The problem — Copy out each line below verbatim, skipping any picture.

Dataset extract —

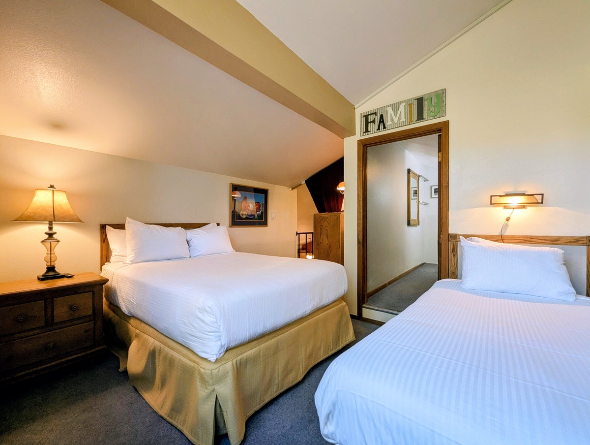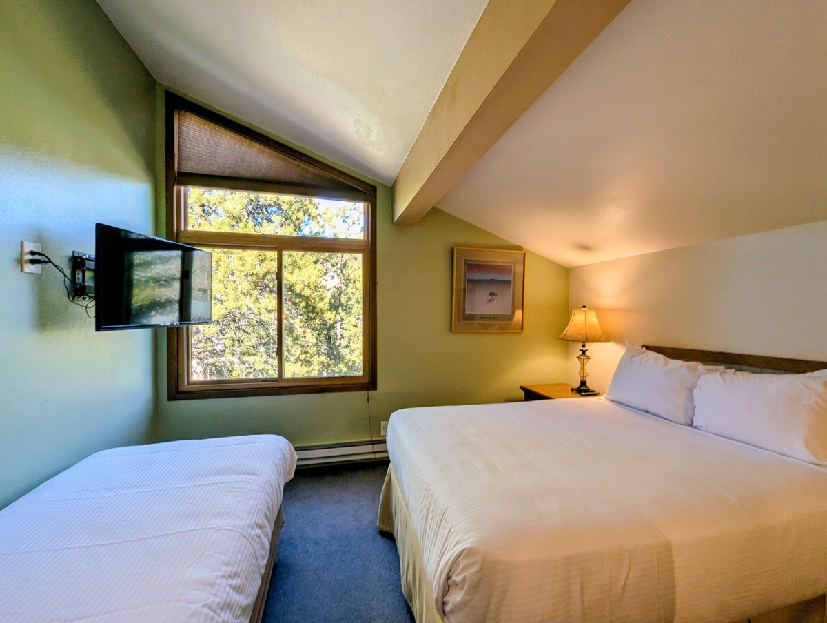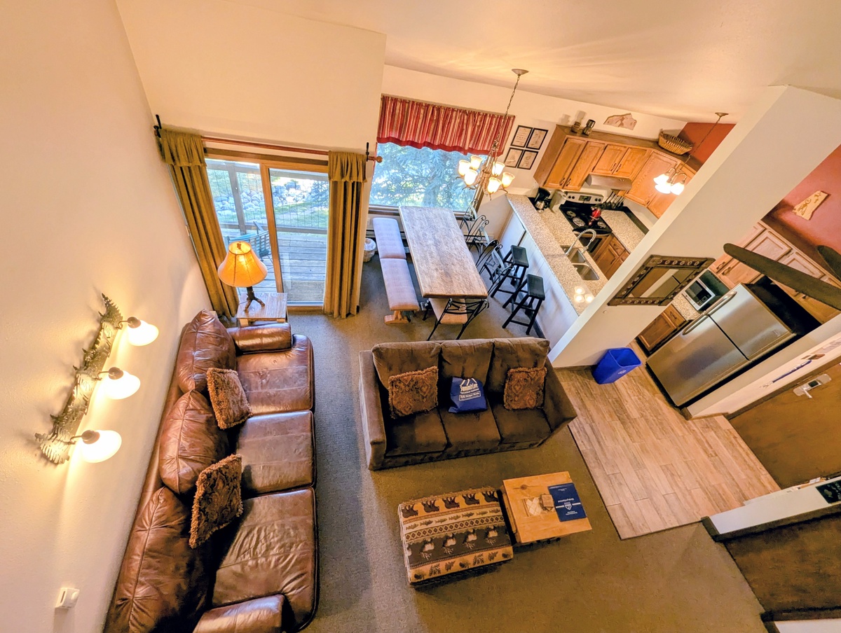 Both bedrooms are well-appointed with tasteful décor and practical storage, while additional sleeping arrangements in the living area offer flexibility for larger groups. Throughout the home, subtle mountain-inspired accents and clean modern styling create a cohesive, welcoming environment that complements the scenic surroundings of West Keystone.
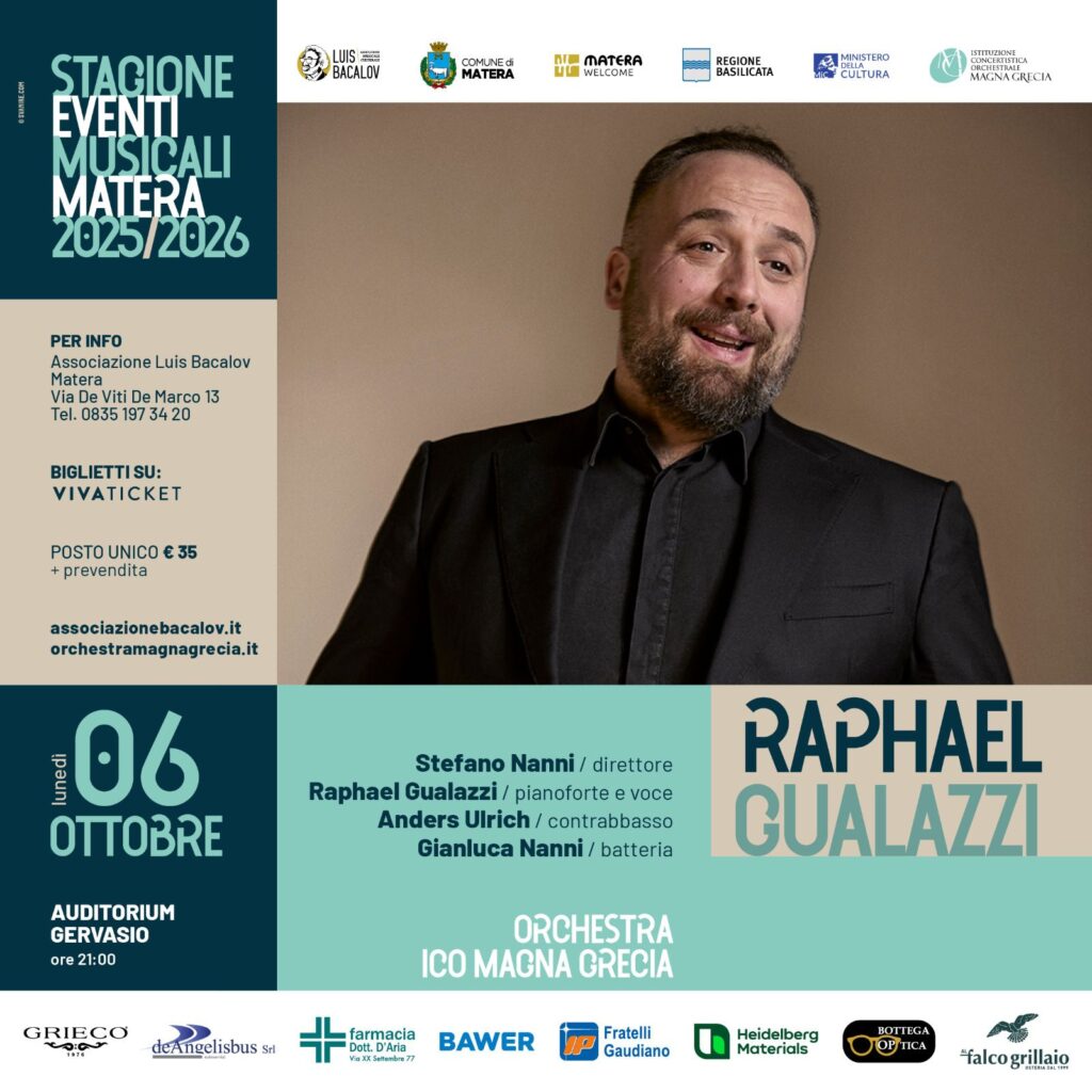 Sarà Raphael Gualazzi, raffinato cantautore e pianista jazz dalla cifra stilistica inconfondibile, ad aprire la nuova Stagione Eventi Musicali di Matera 2025/2026, promossa dall’Associazione Luis Bacalov in collaborazione con l’Orchestra ICO Magna Grecia.
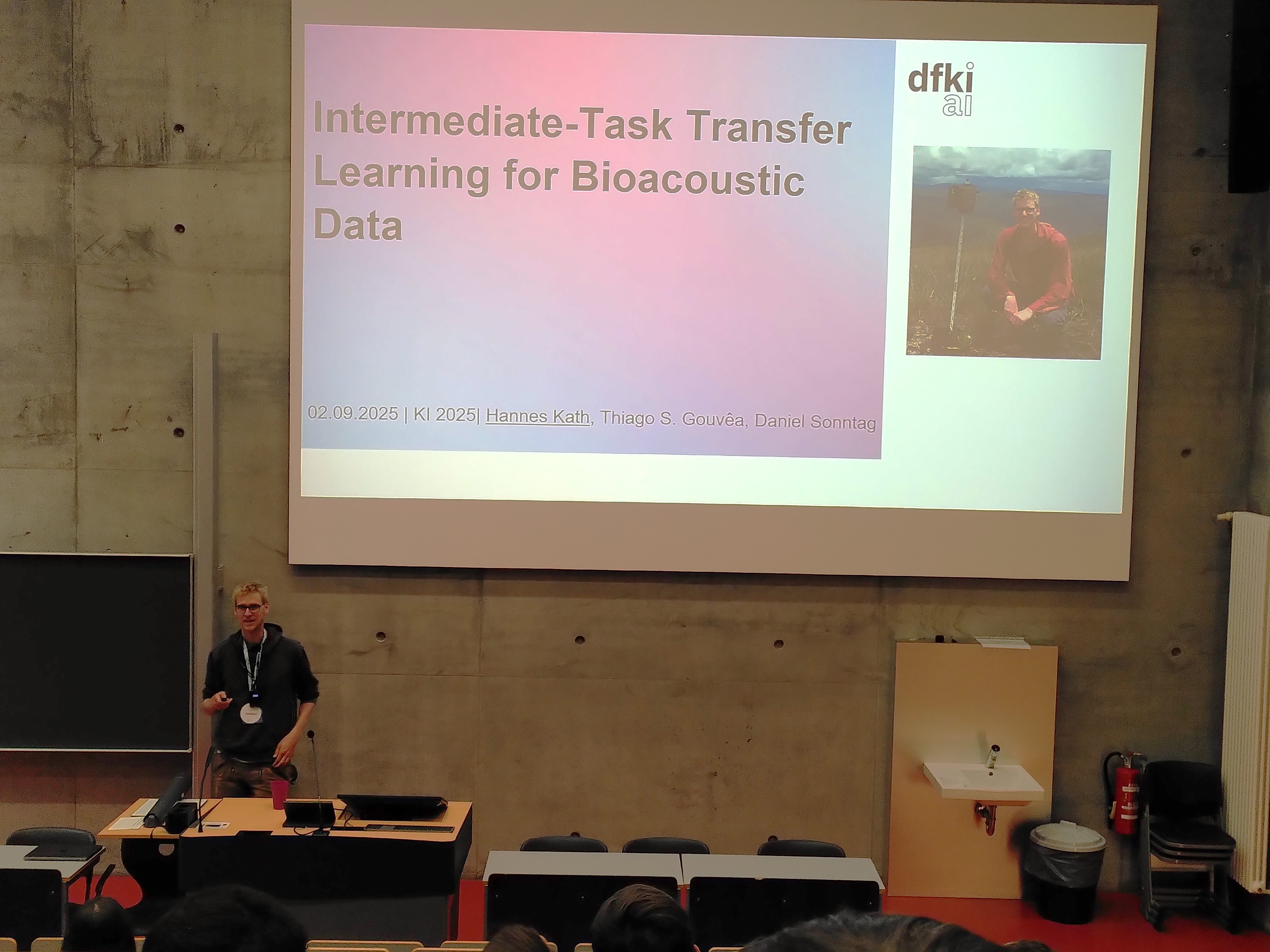 Hannes Kath vom Lehrstuhl für Angewandte Künstliche Intelligenz der Universität Oldenburg und der Abteilung Interaktives Maschinelles Lernen hat auf der KI2025-Konferenz in Potsdam das Forschungspapier „Intermediate-Task Transfer Learning für bioakustische Daten“ vorgestellt.

Exercise output —
 Both bedrooms are well-appointed with tasteful décor and practical storage, while additional sleeping arrangements in the living area offer flexibility for larger groups. Throughout the home, subtle mountain-inspired accents and clean modern styling create a cohesive, welcoming environment that complements the scenic surroundings of West Keystone.
 Sarà Raphael Gualazzi, raffinato cantautore e pianista jazz dalla cifra stilistica inconfondibile, ad aprire la nuova Stagione Eventi Musicali di Matera 2025/2026, promossa dall’Associazione Luis Bacalov in collaborazione con l’Orchestra ICO Magna Grecia.
 Hannes Kath vom Lehrstuhl für Angewandte Künstliche Intelligenz der Universität Oldenburg und der Abteilung Interaktives Maschinelles Lernen hat auf der KI2025-Konferenz in Potsdam das Forschungspapier „Intermediate-Task Transfer Learning für bioakustische Daten“ vorgestellt.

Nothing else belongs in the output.